1.准备Hbase数据
在hbase中创建表
create 'mingxing',{NAME => 'base_info',VERSIONS => 1},{NAME => 'extra_info',VERSIONS => 1}
2.插入数据
put 'mingxing','rk001','base_info:name','huangbo'
put 'mingxing','rk001','base_info:age','33'
put 'mingxing','rk001','extra_info:math','44'
put 'mingxing','rk001','extra_info:province','beijing'
put 'mingxing','rk002','base_info:name','xuzheng'
put 'mingxing','rk002','base_info:age','44'
put 'mingxing','rk003','base_info:name','wangbaoqiang'
put 'mingxing','rk003','base_info:age','55'
put 'mingxing','rk003','base_info:gender','male'
put 'mingxing','rk004','extra_info:math','33'
put 'mingxing','rk004','extra_info:province','tianjin'
put 'mingxing','rk004','extra_info:children','3'
put 'mingxing','rk005','base_info:name','liutao'
put 'mingxing','rk006','extra_info:name','liujialing'
3.添加zk的访问路径
在hive中修改
set hbase.zookeeper.quorum=hadoop01:2181,hadoop02:2181,hadoop03:2181;
4.设置hbase在zk中的根目录
set zookeeper.znode.parent=/hbase;
5.添加jar包
将jar包添加到hive的classpath下
add jar /home/hadoop/apps/apache-hive-2.3.2-bin/lib/hive-hbase-handler-2.3.2.jar;
list jar|jars;
6.建表
-
serdeproperties:指定解析的属性
-
hbase.columns.mapping:指定对应关系
- base_info:解析hbase的整个base_info的列族
- :key:获取行健的值
-
tblproperties:指定表的属性
- hbase.table.name:指定需要解析的hbase的表名
6.1整个表的解析
create external table mingxing(rowkey string, base_info map<string, string>, extra_info
map<string, string>)
row format delimited fields terminated by '\t'
stored by 'org.apache.hadoop.hive.hbase.HBaseStorageHandler'
with serdeproperties ("hbase.columns.mapping" = ":key,base_info:,extra_info:")
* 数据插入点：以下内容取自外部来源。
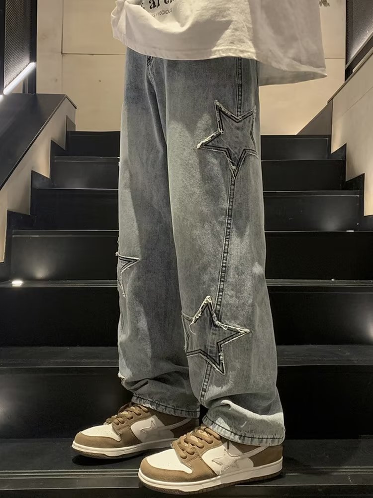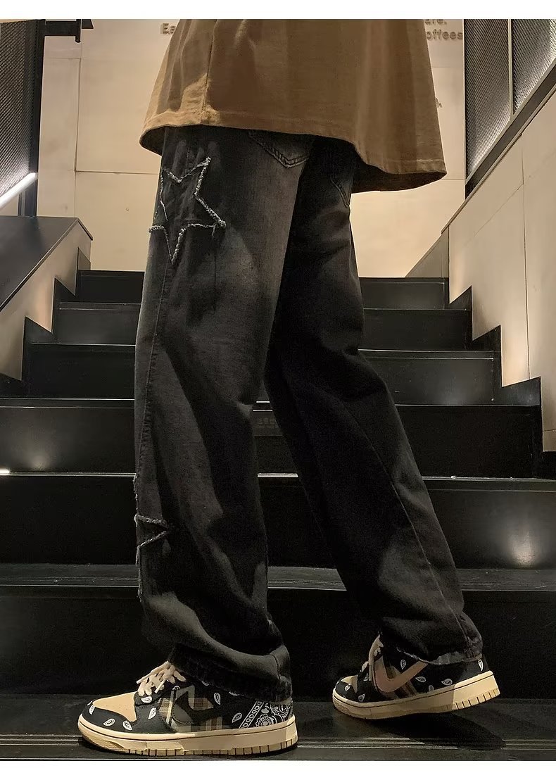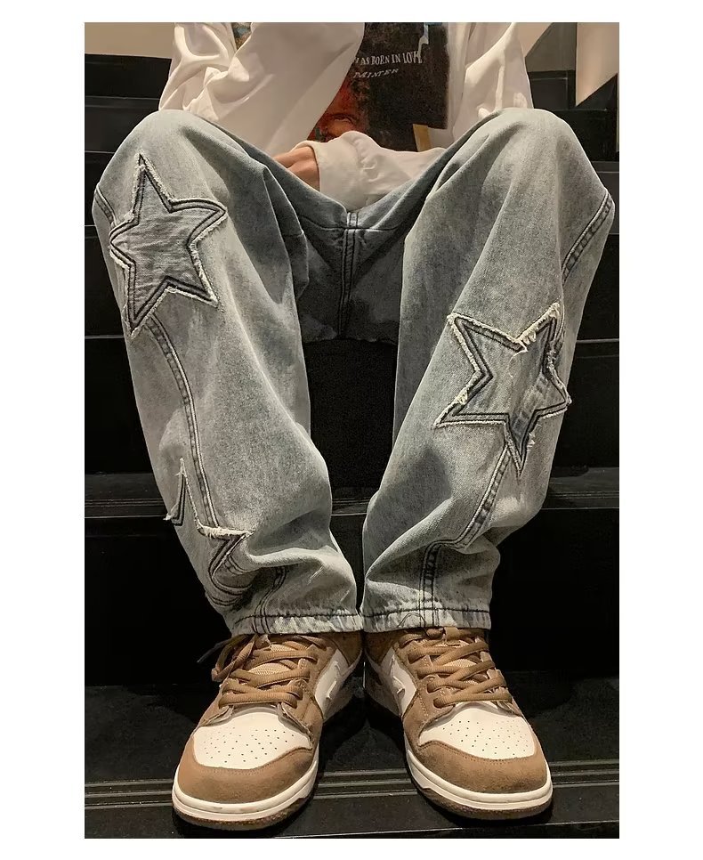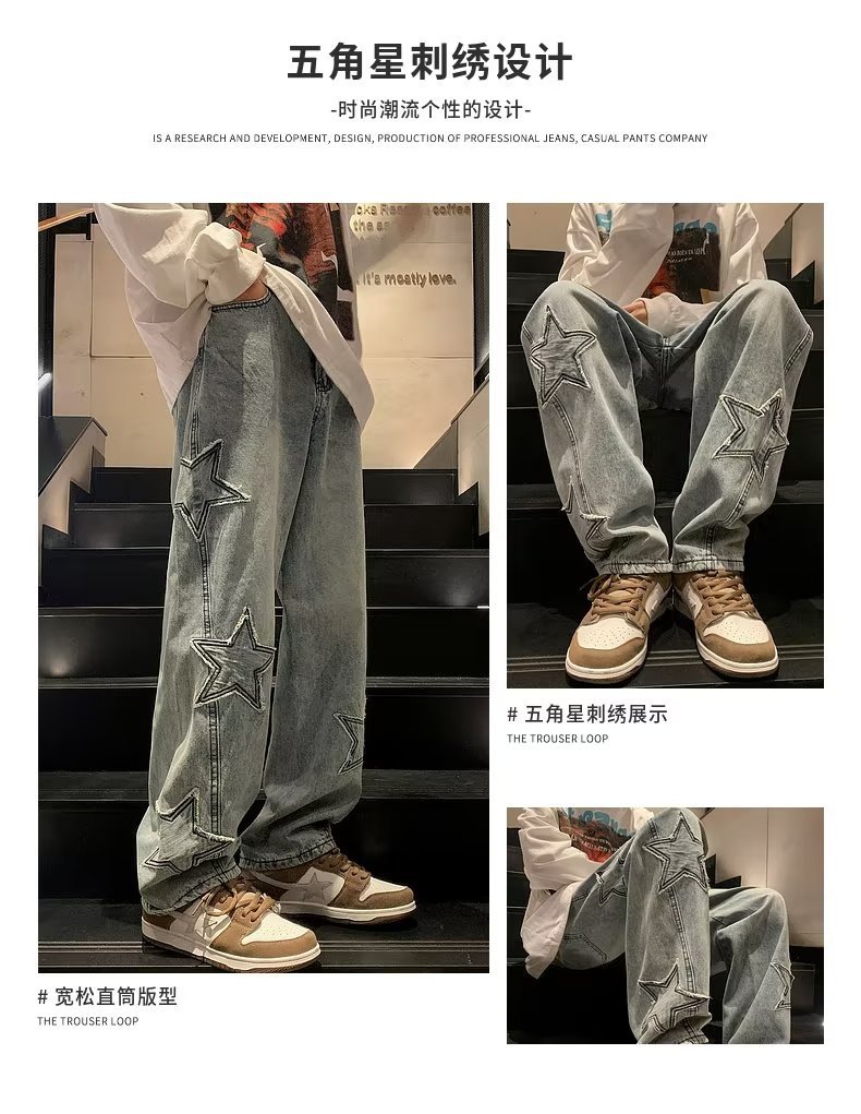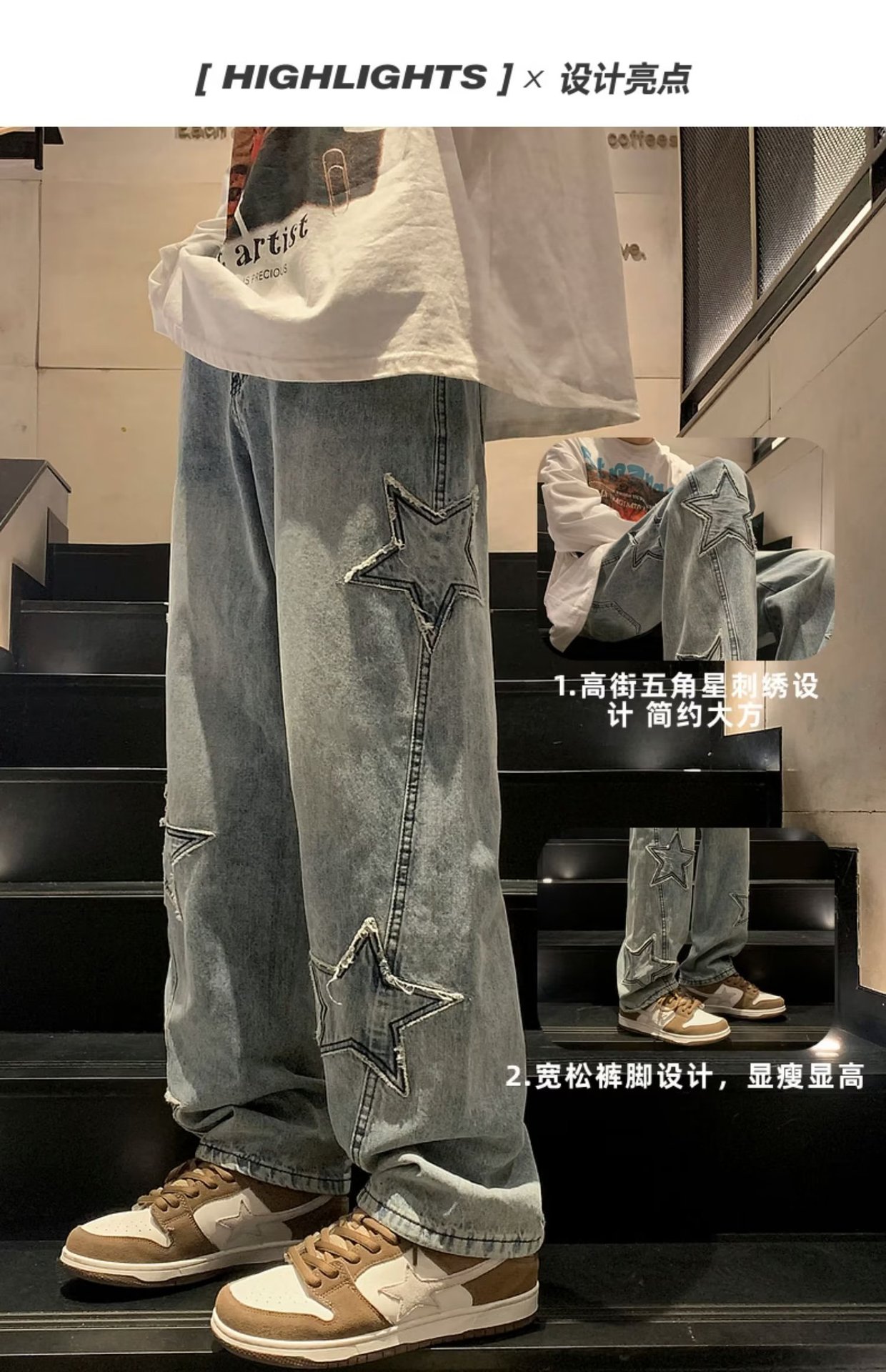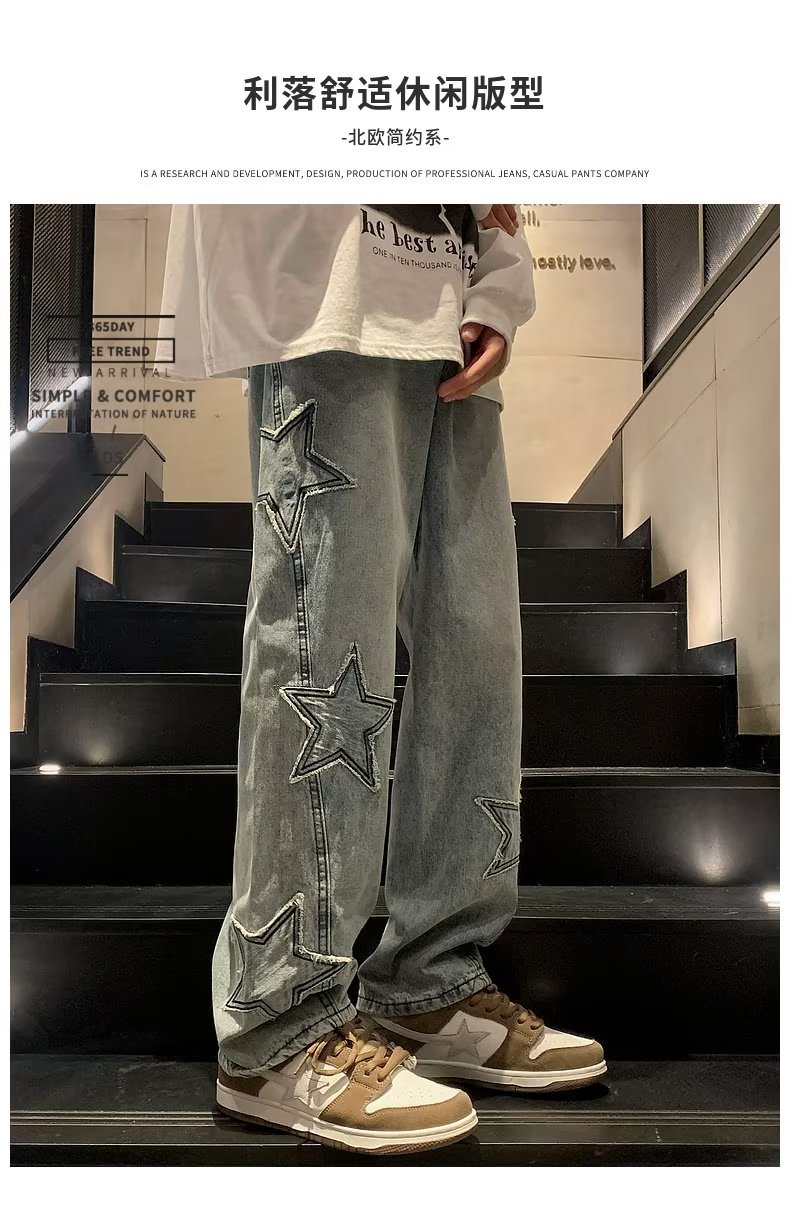 펜타그램 패치 청바지 남성용 아메리칸 레트로 트렌디 브랜드 하이 스트리트 바이브 워싱 루즈 스트레이트 와이드 레그 팬츠

tblproperties ("hbase.table.name" = "mingxing");
检查数据
select * from mingxing;
结果如下
mingxing.rowkey mingxing.base_info mingxing.extra_info
rk001 {"age":"33","name":"huangbo"} {"math":"44","province":"beijing"}
rk002 {"age":"44","name":"xuzheng"} {}
rk003 {"age":"55","gender":"male","name":"wangbaoqiang"} {}
rk004 {} {"children":"3","math":"33","province":"tianjin"}
rk005 {"name":"liutao"} {}
rk006 {} {"name":"liujialing"}
6.2解析部分字段
create external table mingxing01(rowkey string,name string,age string,province string)
row format delimited fields terminated by '\t'
stored by 'org.apache.hadoop.hive.hbase.HBaseStorageHandler'
with serdeproperties ("hbase.columns.mapping" = ":key,base_info:name,base_info:age,extra_info:province")
tblproperties ("hbase.table.name" = "mingxing");
检查数据
select * from mingxing01;
结果如下
mingxing01.rowkey mingxing01.name mingxing01.age mingxing01.province
rk001 huangbo 33 beijing
rk002 xuzheng 44 NULL
rk003 wangbaoqiang 55 NULL
rk004 NULL NULL tianjin
rk005 liutao NULL NULL